DIRECTIONS |
Set down every line of the data exactly, skipping the pictures.

GIVEN INFORMATION |
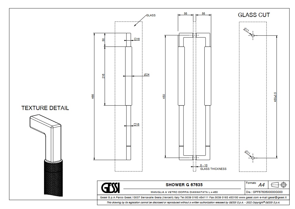 Gessi Diamantato Podwójny uchwyt do drzwi prysznicowych 450 mm Chrom 67635.031
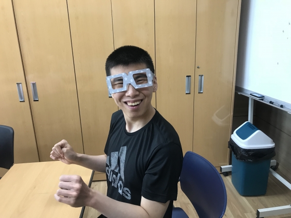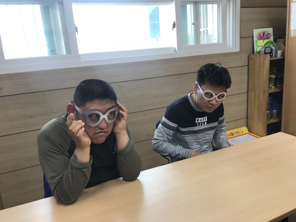 오전에는 웃음치료로 햇빛이 강한 요즘 눈을 보호하기 위해 선글라스를 만들어 보았습니다.
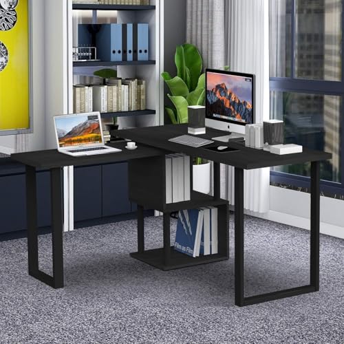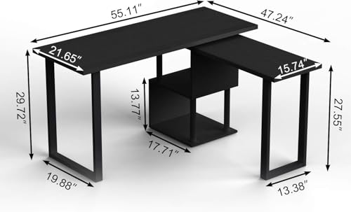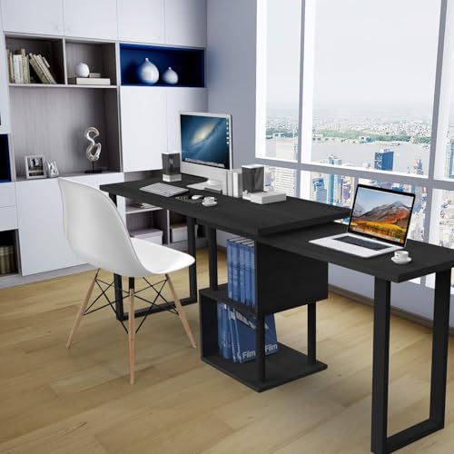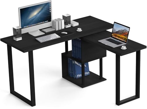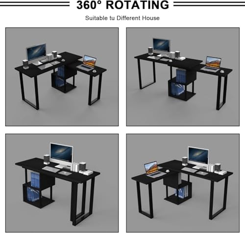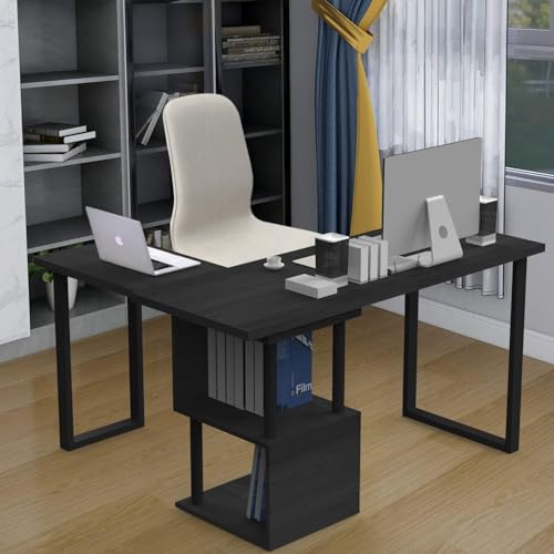 FurniFlex - مكتب كمبيوتر كبير على شكل حرف L مع رفوف تخزين من فورني فليكس، 1.4 م، أسود
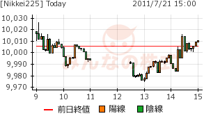 2011/07/21 - minnsann123さんの株式ブログ。タイトル:「7/21のメモ 憶測より高値に・・・」 本文:本日のNKは、NYでの高値売買の流れに沿った強気な展開だった。円高はすでに織り込み済みらしい。 NK 画像1
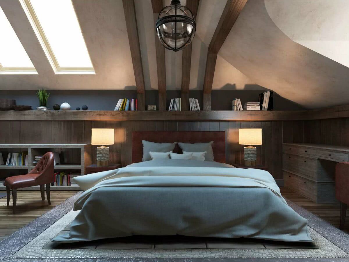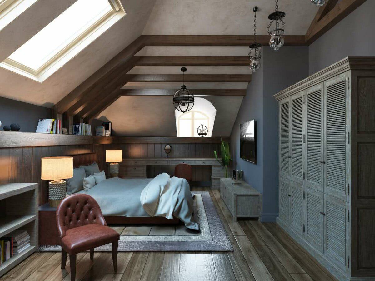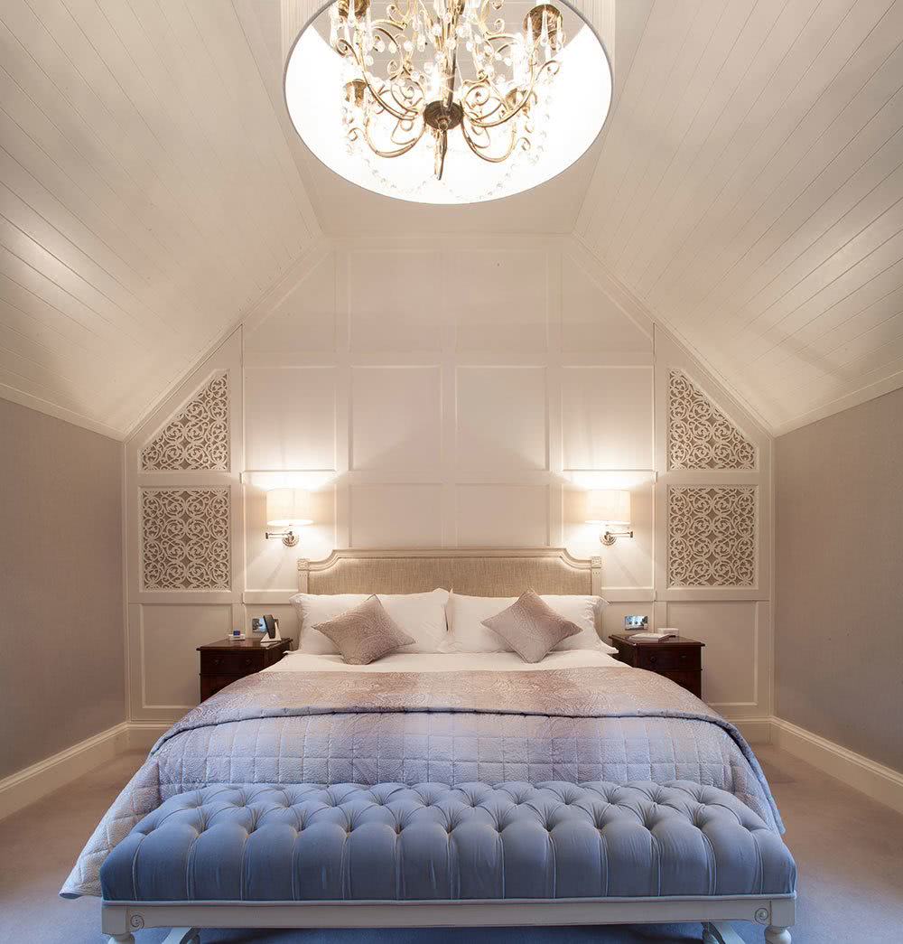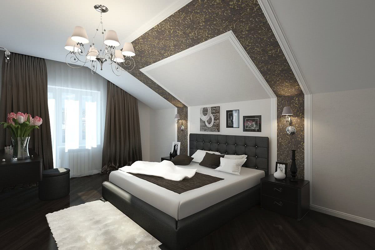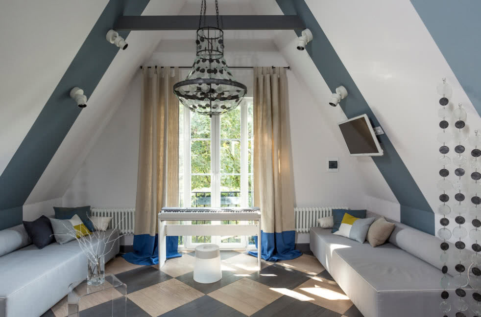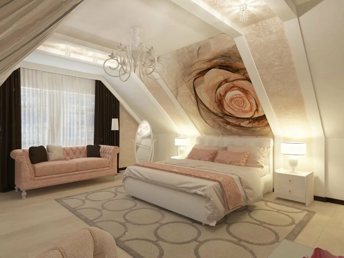 Дизайн должен учитывать конфигурацию помещения, высоту потолков. Из-за скосов, они будут казаться ниже, чем есть на самом деле с одной стороны и вытянутыми до бесконечности по центру с другой.
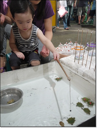 在電話裡我跟小乖爸說我跟小乖去夜市釣烏龜..
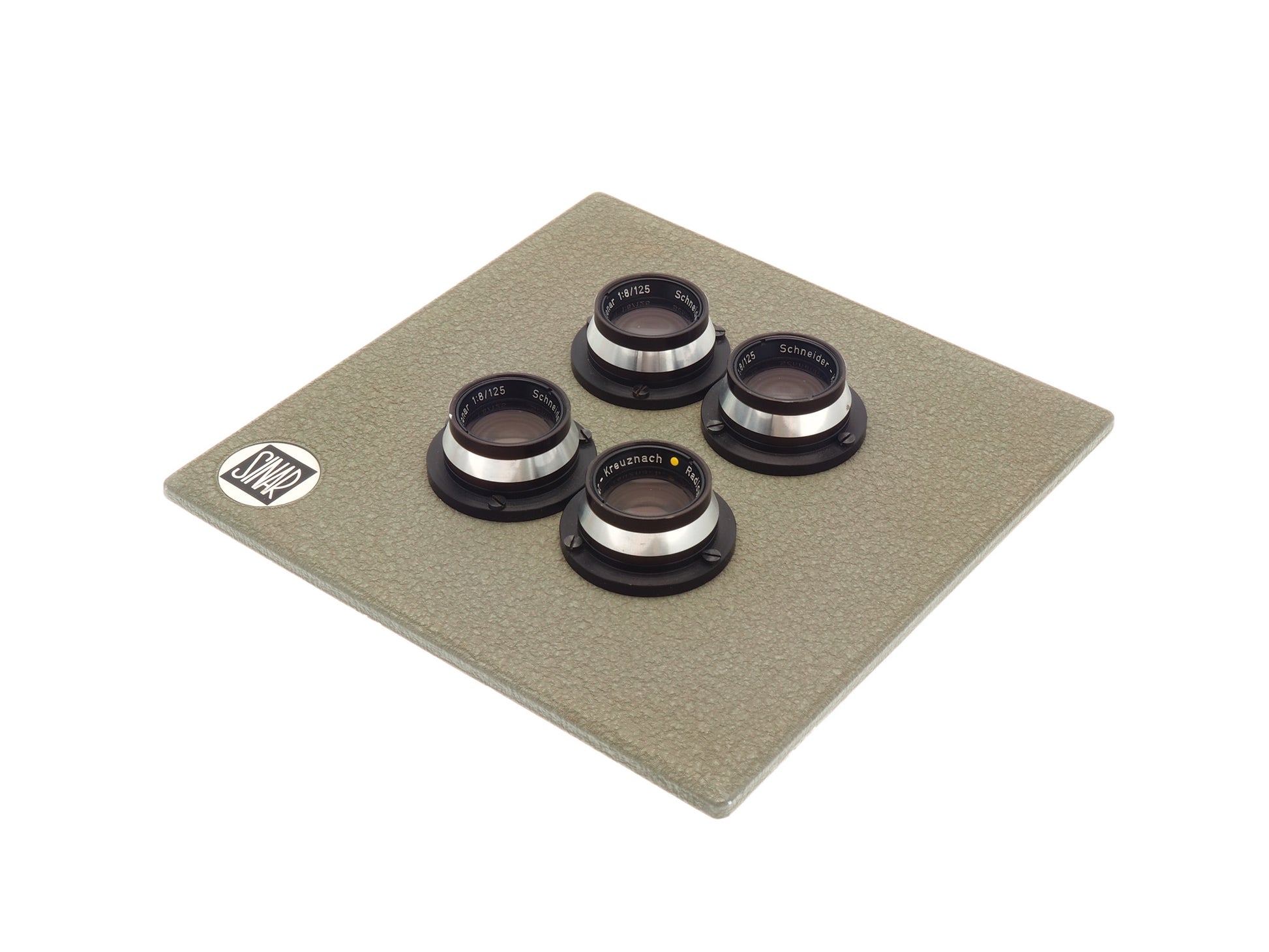 Lens board with four lenses made by Schneider-Kreuznach for taking passport photos. They have a fixed f8 aperture. Metal body available in black.
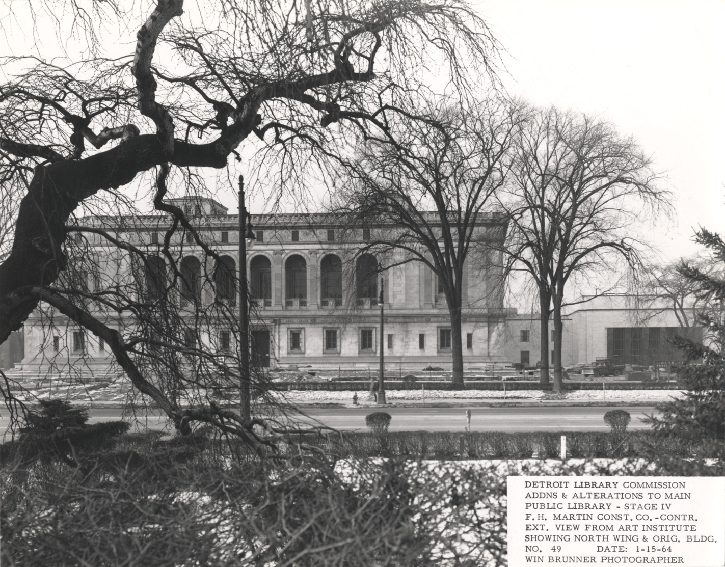 View of Main Library and North Wing, Detroit Public Library. Building is partially obscured by trees. Printed on front: "Detroit Library Commission. Addns & alterations to Main Public Library, Stage IV. F.H. Martin Const. Co., contr. Ext. view from Art Institute showing North Wing & orig. bldg. No. 49. Date: 1-15-64. Win Brunner, photographer."
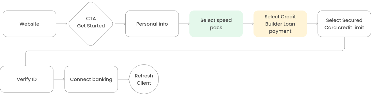 We initially tried to replicate the experience our clients were having on the phone where agents would gather info about their goals and financial situation in order to recommend a more personalized Credit Builder Loan.
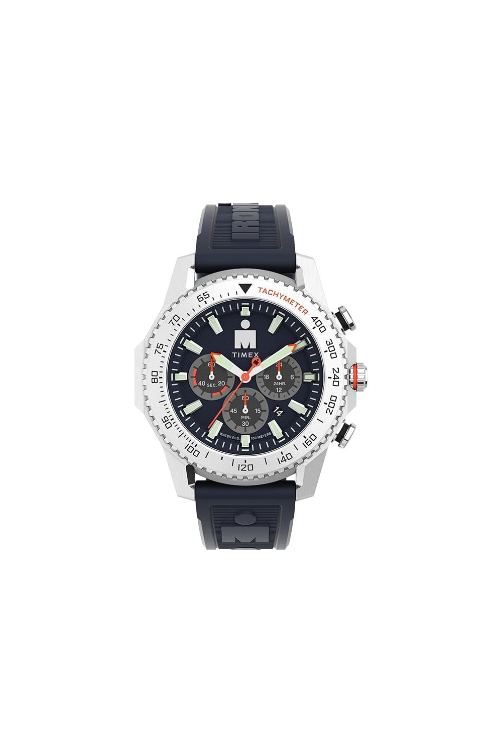 With its substantial 48mm stainless-steel case and cut-out detailing on its lugs, our TIMEX IRONMAN Adrenaline Chronograph brings bold style to our TIMEX IRONMAN line. It’s built with a chronograph movement for measuring elapsed time and recessed sub-dials that bring dimension to the dial. A date window between the 4 and 5-o'clock markers furthers the dial’s intricacy, while the iconic TIMEX IRONMAN logo appears on the dial, crown, and embossed rubber strap. Luminescent hands make it easy to tell time even in low-light conditions, while 100m of water resistance ensures that this watch can handle any weather.
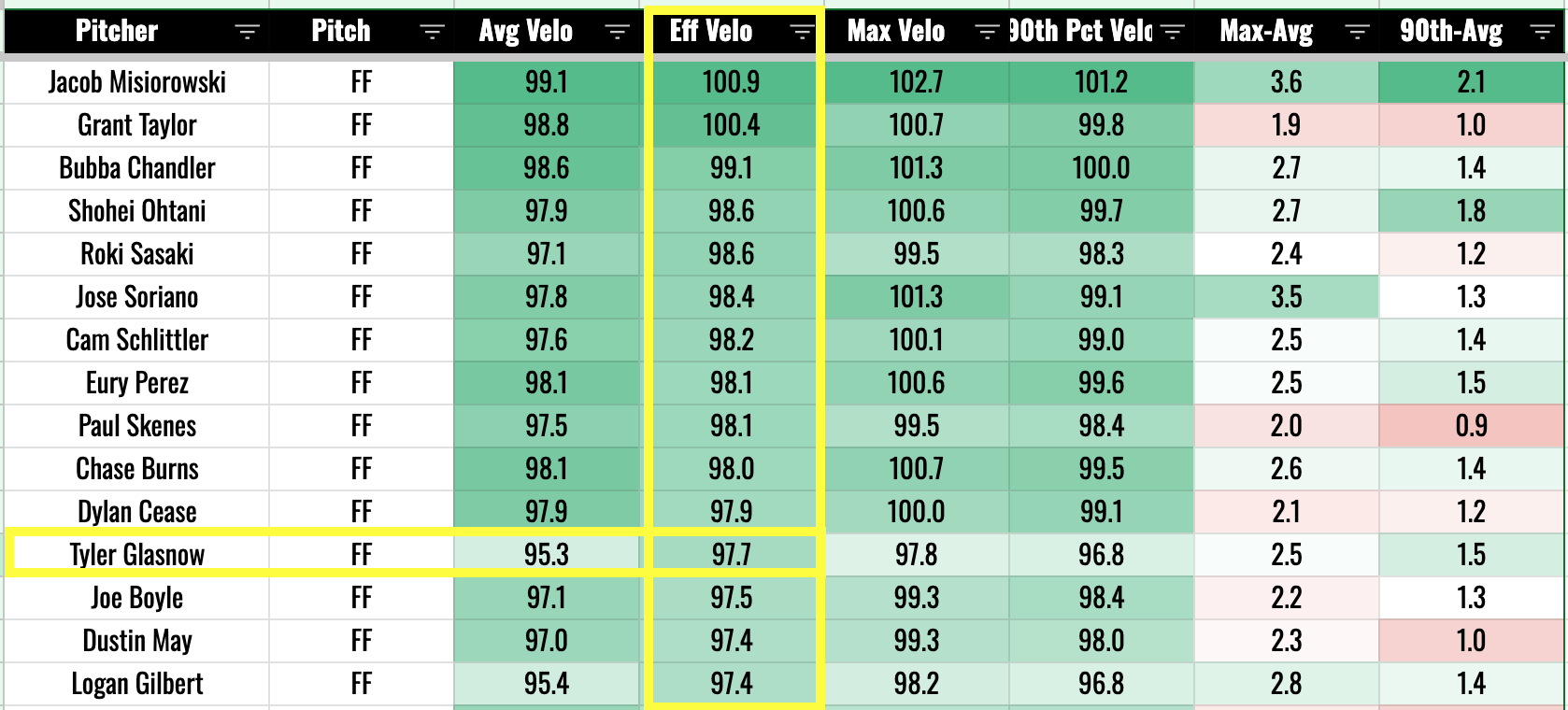 Only 19 starters (18 if you don’t count Grant Taylor) have effective velo on the FF over 97. But he’s not using that pitch that much! Why not, Glasnow? Throw the fastball!

EXPECTED OUTPUT |
 Gessi Diamantato Podwójny uchwyt do drzwi prysznicowych 450 mm Chrom 67635.031
 오전에는 웃음치료로 햇빛이 강한 요즘 눈을 보호하기 위해 선글라스를 만들어 보았습니다.
 FurniFlex - مكتب كمبيوتر كبير على شكل حرف L مع رفوف تخزين من فورني فليكس، 1.4 م، أسود
 2011/07/21 - minnsann123さんの株式ブログ。タイトル:「7/21のメモ 憶測より高値に・・・」 本文:本日のNKは、NYでの高値売買の流れに沿った強気な展開だった。円高はすでに織り込み済みらしい。 NK 画像1
 Дизайн должен учитывать конфигурацию помещения, высоту потолков. Из-за скосов, они будут казаться ниже, чем есть на самом деле с одной стороны и вытянутыми до бесконечности по центру с другой.
 在電話裡我跟小乖爸說我跟小乖去夜市釣烏龜..
 Lens board with four lenses made by Schneider-Kreuznach for taking passport photos. They have a fixed f8 aperture. Metal body available in black.
 View of Main Library and North Wing, Detroit Public Library. Building is partially obscured by trees. Printed on front: "Detroit Library Commission. Addns & alterations to Main Public Library, Stage IV. F.H. Martin Const. Co., contr. Ext. view from Art Institute showing North Wing & orig. bldg. No. 49. Date: 1-15-64. Win Brunner, photographer."
 We initially tried to replicate the experience our clients were having on the phone where agents would gather info about their goals and financial situation in order to recommend a more personalized Credit Builder Loan.
 With its substantial 48mm stainless-steel case and cut-out detailing on its lugs, our TIMEX IRONMAN Adrenaline Chronograph brings bold style to our TIMEX IRONMAN line. It’s built with a chronograph movement for measuring elapsed time and recessed sub-dials that bring dimension to the dial. A date window between the 4 and 5-o'clock markers furthers the dial’s intricacy, while the iconic TIMEX IRONMAN logo appears on the dial, crown, and embossed rubber strap. Luminescent hands make it easy to tell time even in low-light conditions, while 100m of water resistance ensures that this watch can handle any weather.
 Only 19 starters (18 if you don’t count Grant Taylor) have effective velo on the FF over 97. But he’s not using that pitch that much! Why not, Glasnow? Throw the fastball!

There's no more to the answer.